When the lights went out on the world in March 2020, I was relieved. It felt like a do-over. At the time, I was reading Sy Montgomery’s “The Soul of an Octopus,” and I started to feel like one—aquatic and solitary, attuned but removed. When everyone in New York City leaned out their windows at 7 o’clock every night to cheer and bang pots, I floated back into the corner of my tank, where I stayed for months.
The part of me that luxuriated in solitude is the same part that is now resisting the tug of the world as many parts swing their doors open again. Maybe, if we’re being honest, there’s a little wiggle of worry about what happens next.
But whether you’re dragging your feet—or perhaps desperate to get out again—you’ll be fine. You’ll be even better than you think. Here’s how I know:
1. You didn’t forget.
It makes for a funny comedy sketch on Saturday Night Live: The awkward couples at a BBQ, saying all the wrong things. But I trust in your ability to communicate, and so should you. Linguistics experts say that you don’t “lose” language that fast. There are complicating factors, like if you’re also trying to learn another language. Did you spend the past year fully immersed in Swahili or Old Norse? Me neither.
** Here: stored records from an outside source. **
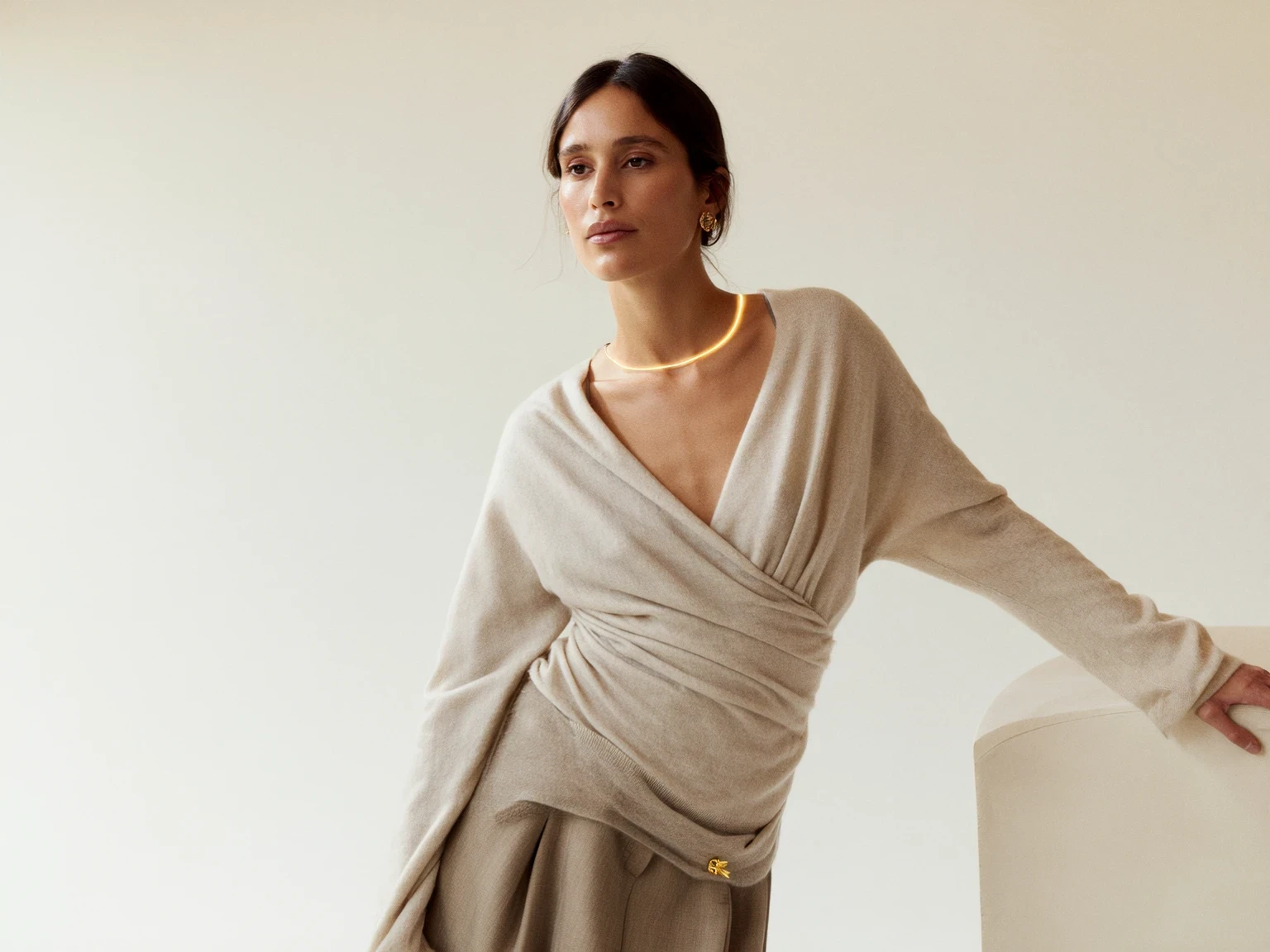 визуально простые вещи из благородных материалов: кашемир, шерсть, шелк, кожа. Без явного декора, но с безупречной посадкой и ощущением качества.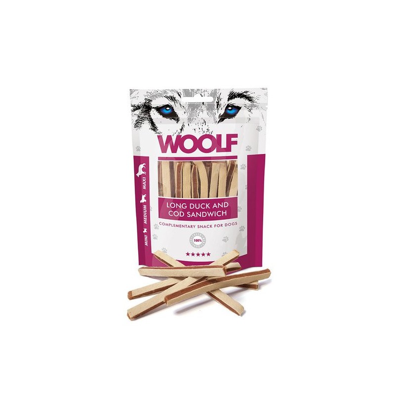 Woolf Snack Beef with Cod Sandwich to smakowity przysmak dla twojego ulubieńca! Wraz z nim otrzyma potrzebne do dobrego funkcjonowania białko. Przysmak nie zawiera chemicznych dodatków. Świetnie sprawdzi się jako przekąska urozmaicająca codzienną dietę twojego psiaka.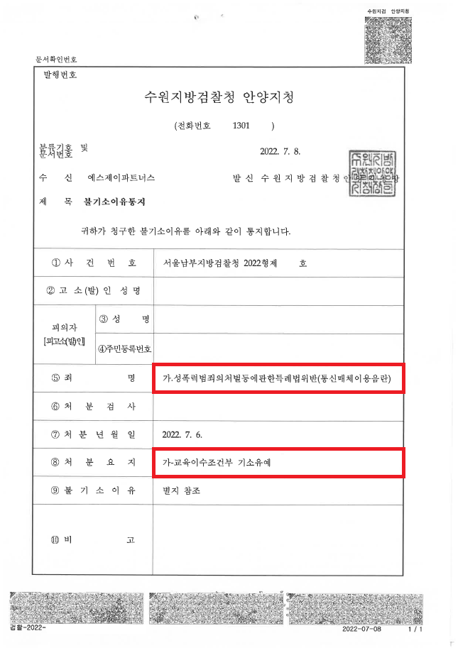 이러한 저의 조력을 바탕으로 A씨는 피해자와 합의하지 않고 혐의를 적극 다투었음에도 불구하고 '기소유예' 처분을 받음으로써 법적 불이익을 최소화하면서 성범죄 전과자가 될 위기에서 벗어날 수 있었습니다.

If I took your phone away for a year, you’d need all of one minute to remember where everything was when I gave it back. And you aren’t hardwired to use an iPhone. You have had decades of practice being human, however. You had it pretty much figured out at age seven. And you didn’t lose it while you binged two seasons of The Crown.
2. We weren’t really cut off.
We had the internet—a wireless umbilical cord through which we suck an unceasing and simultaneous feed. We all know when a celebrity dies, what the president just said, and the latest on who Jennifer Lopez is dating. We may not have crammed into bars and restaurants this year, but we basically all had the same dreams, sponsored by Netflix/Hulu/Amazon/HBO.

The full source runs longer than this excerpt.